The prevalence of stunting at adolescence in the present study (1.2%) was low. A national study conducted by the Brazilian Institute of Geography and Statistics [38] between 2002 and 2003 showed a significant decrease in the prevalence of low height-for-age over the past decades. This decrease is probably due to the improved living and health conditions of the population that have been observed. In our sample a change in socioeconomic position was also observed between the two evaluations of the children. At first interview, approximately 40% were in classes D and E, but in the follow-up, ten years later, only 4% were in these classes.

Among the limitations of this study is the lack of information at preschool age regarding food consumption of the children, the adolescent puberty attainment, pre-pregnancy nutritional status, maternal alcohol or other drug use and the number of cigarettes smoked by the mother. Also, the rate of follow-up in this study was 72%, and selective loss was observed in this sample, with greater loss among children who showed low height-for-age and were exposed to tobacco smoke. This selective loss to follow-up may have biased the findings toward the null hypothesis.

The power of the study was also influenced by the low prevalence of maternal smoking compared to other countries, but this finding is consistent with others studies in Brazil, showing that smoking during pregnancy has declined substantially in the country over the last 20 years, during which time the country introduced many strong tobacco control policies [39].

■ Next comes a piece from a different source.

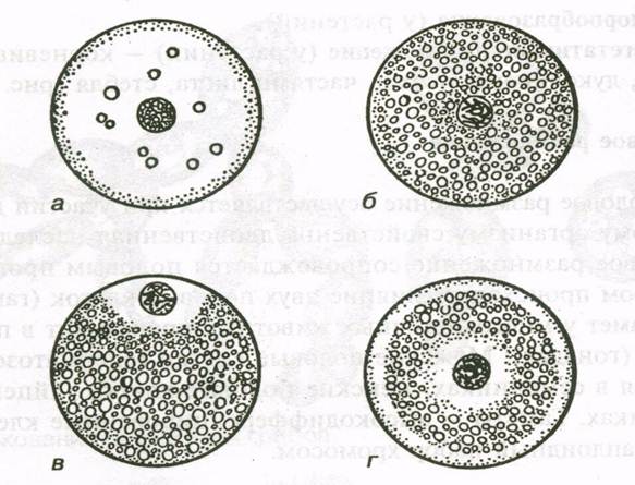 Рис. 1. Типы яйцеклеток по распределению желтка: а – алецитальная, б – изолецитальная, в – телолецитальная, г – центролецитальная.

As strengths of this study maternal height was assessed and its inclusion in the analysis helps, at least partially, to adjust for the effect of genetics on adolescent height [40]. On the other hand, information about maternal and paternal smoking was obtained by a questionnaire; thus, misclassification may have occurred, mainly about exposure during pregnancy that was retrospectively assessed. However, the self-reporting of this behavior appears to be an accurate measure. Cornelius and colleagues [13] measured environmental tobacco exposure of children through maternal report and a biological measure from the children (urinary cotinine level). The authors observed that the mother’s report of exposure captured a greater number of exposed children than the biological measure, and therefore, the information used in their analysis was the maternal report. All of these possible biases cause an underestimation of the impact of exposure on growth.

Conclusion

In conclusion, maternal smoking during pregnancy and early childhood confers a long-term negative effect on height of children since birth to adolescence, emphasizing the importance of smoking cessation among women, not only during pregnancy.